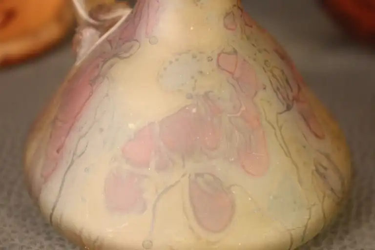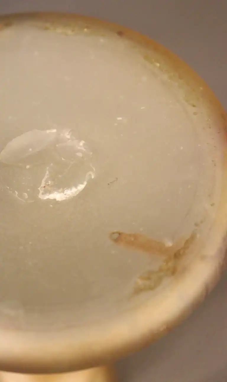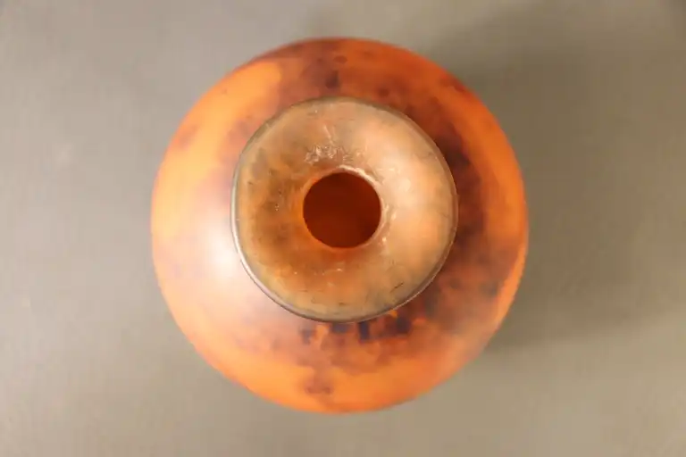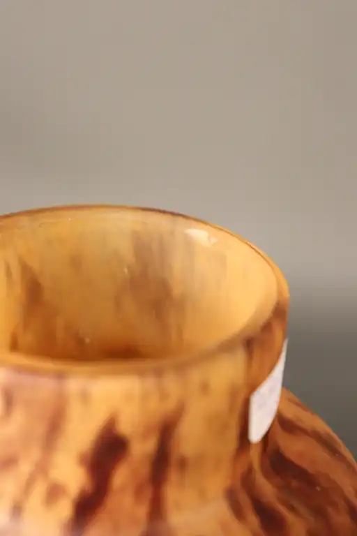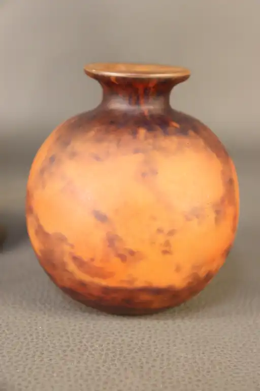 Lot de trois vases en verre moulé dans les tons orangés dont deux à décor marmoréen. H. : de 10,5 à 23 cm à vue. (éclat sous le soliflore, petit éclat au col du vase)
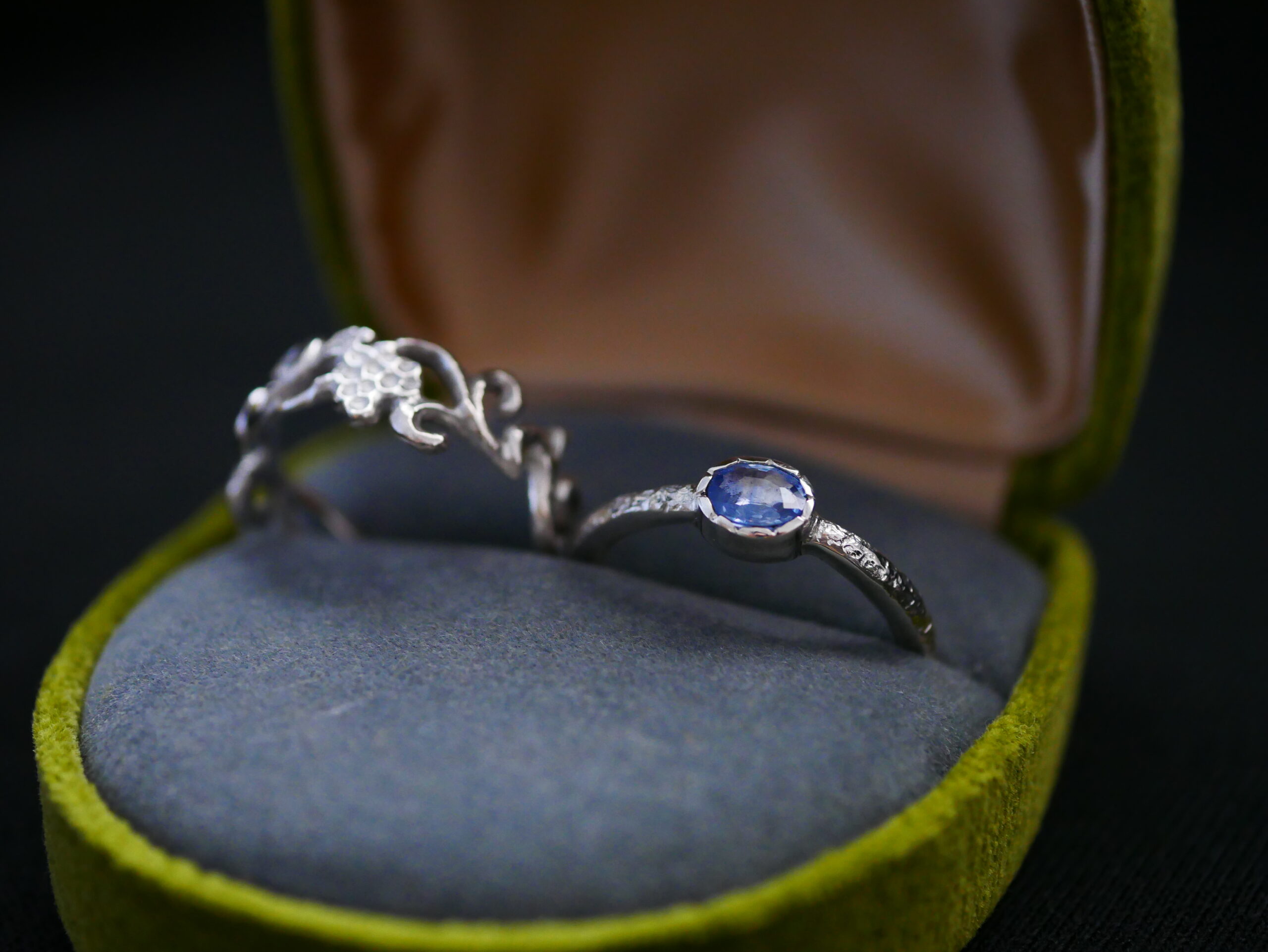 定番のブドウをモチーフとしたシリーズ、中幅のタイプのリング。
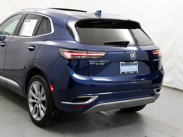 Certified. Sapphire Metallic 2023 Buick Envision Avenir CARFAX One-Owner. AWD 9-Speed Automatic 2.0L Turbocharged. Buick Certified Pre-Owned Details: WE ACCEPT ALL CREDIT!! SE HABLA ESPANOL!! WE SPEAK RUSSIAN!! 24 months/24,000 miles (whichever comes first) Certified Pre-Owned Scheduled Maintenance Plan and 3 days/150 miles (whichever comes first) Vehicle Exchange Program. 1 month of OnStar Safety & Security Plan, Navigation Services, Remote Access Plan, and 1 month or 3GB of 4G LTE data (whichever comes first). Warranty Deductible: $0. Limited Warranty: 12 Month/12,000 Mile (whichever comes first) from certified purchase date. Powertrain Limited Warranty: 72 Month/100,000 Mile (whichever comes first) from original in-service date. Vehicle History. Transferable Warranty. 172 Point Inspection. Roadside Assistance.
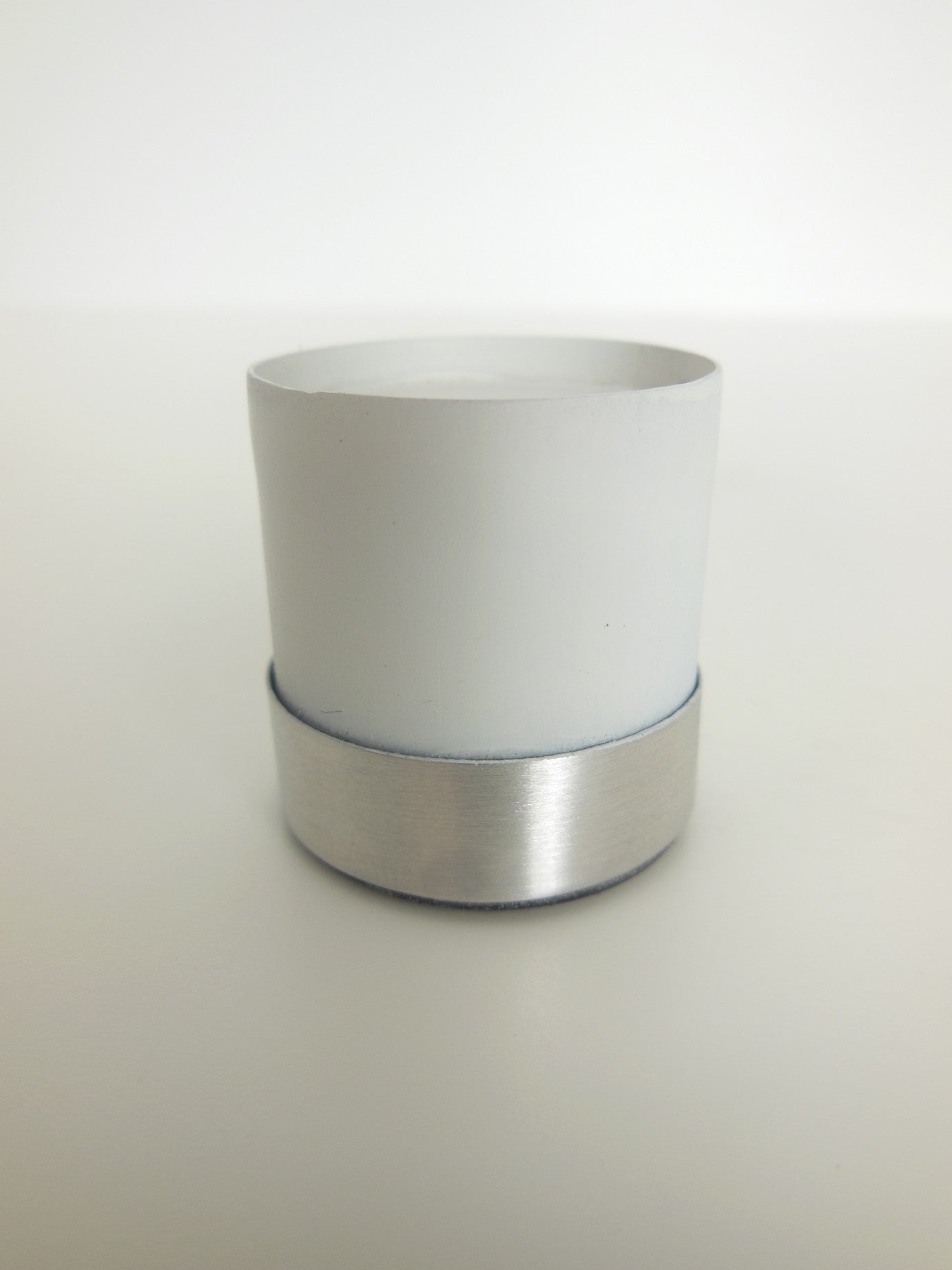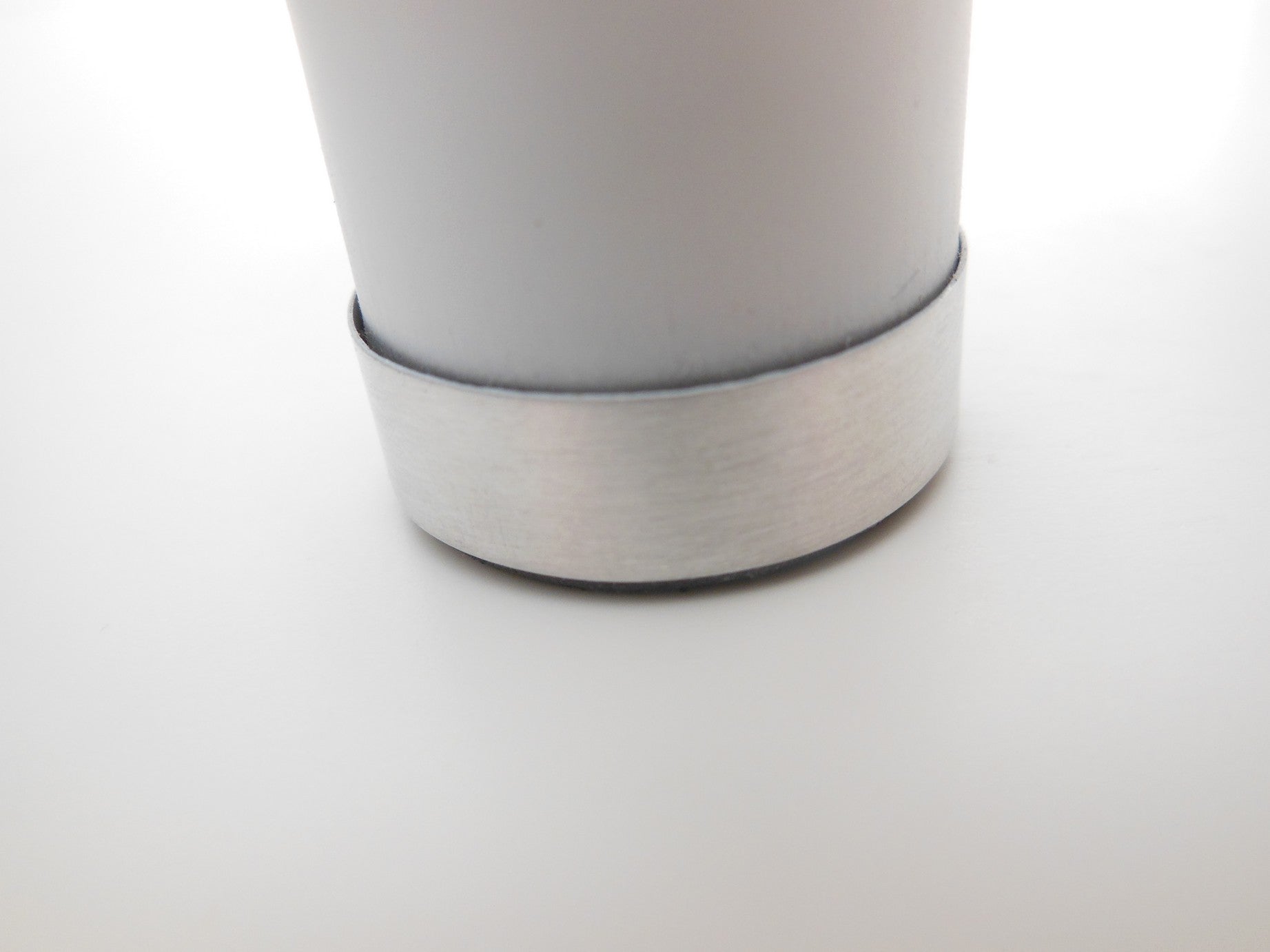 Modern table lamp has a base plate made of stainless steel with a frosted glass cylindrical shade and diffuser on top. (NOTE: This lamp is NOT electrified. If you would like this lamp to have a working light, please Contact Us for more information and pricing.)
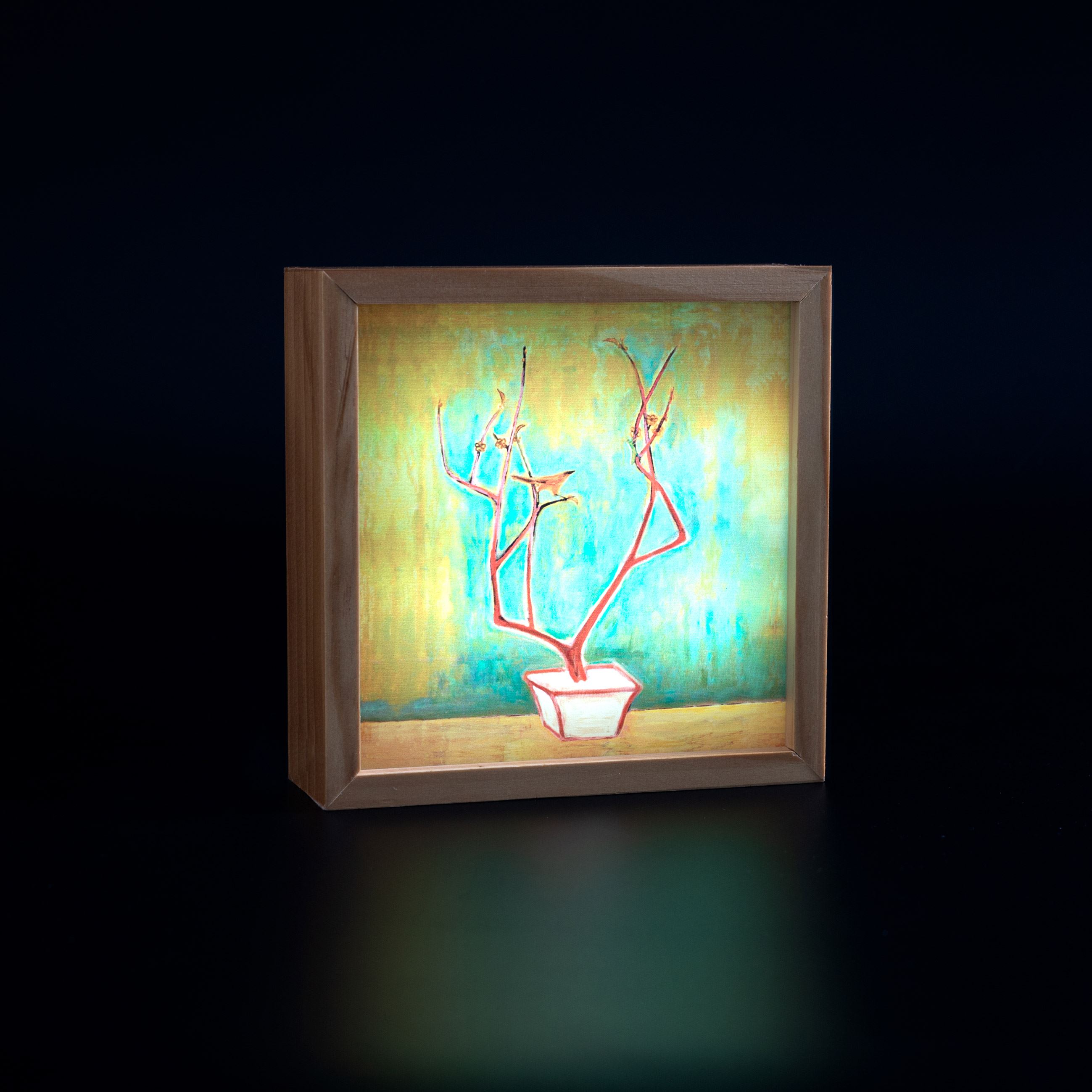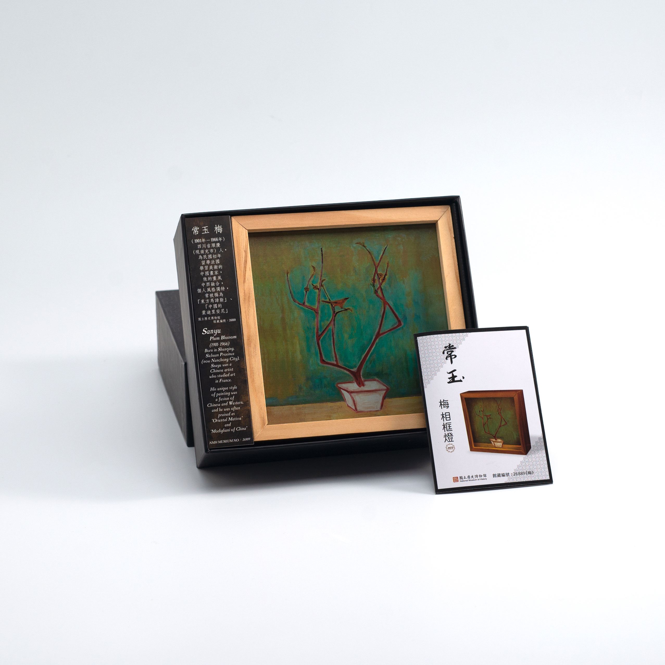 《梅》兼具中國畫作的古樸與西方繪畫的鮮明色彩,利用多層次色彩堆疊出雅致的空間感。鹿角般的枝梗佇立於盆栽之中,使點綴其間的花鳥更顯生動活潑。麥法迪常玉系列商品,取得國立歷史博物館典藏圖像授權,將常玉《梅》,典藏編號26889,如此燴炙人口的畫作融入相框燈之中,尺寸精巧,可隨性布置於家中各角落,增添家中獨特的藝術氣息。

*Problem:*
Without including any pictures, please restate all the records exactly.

*Task answer:*
 Lot de trois vases en verre moulé dans les tons orangés dont deux à décor marmoréen. H. : de 10,5 à 23 cm à vue. (éclat sous le soliflore, petit éclat au col du vase)
 定番のブドウをモチーフとしたシリーズ、中幅のタイプのリング。
 Certified. Sapphire Metallic 2023 Buick Envision Avenir CARFAX One-Owner. AWD 9-Speed Automatic 2.0L Turbocharged. Buick Certified Pre-Owned Details: WE ACCEPT ALL CREDIT!! SE HABLA ESPANOL!! WE SPEAK RUSSIAN!! 24 months/24,000 miles (whichever comes first) Certified Pre-Owned Scheduled Maintenance Plan and 3 days/150 miles (whichever comes first) Vehicle Exchange Program. 1 month of OnStar Safety & Security Plan, Navigation Services, Remote Access Plan, and 1 month or 3GB of 4G LTE data (whichever comes first). Warranty Deductible: $0. Limited Warranty: 12 Month/12,000 Mile (whichever comes first) from certified purchase date. Powertrain Limited Warranty: 72 Month/100,000 Mile (whichever comes first) from original in-service date. Vehicle History. Transferable Warranty. 172 Point Inspection. Roadside Assistance.
 Modern table lamp has a base plate made of stainless steel with a frosted glass cylindrical shade and diffuser on top. (NOTE: This lamp is NOT electrified. If you would like this lamp to have a working light, please Contact Us for more information and pricing.)
 《梅》兼具中國畫作的古樸與西方繪畫的鮮明色彩,利用多層次色彩堆疊出雅致的空間感。鹿角般的枝梗佇立於盆栽之中,使點綴其間的花鳥更顯生動活潑。麥法迪常玉系列商品,取得國立歷史博物館典藏圖像授權,將常玉《梅》,典藏編號26889,如此燴炙人口的畫作融入相框燈之中,尺寸精巧,可隨性布置於家中各角落,增添家中獨特的藝術氣息。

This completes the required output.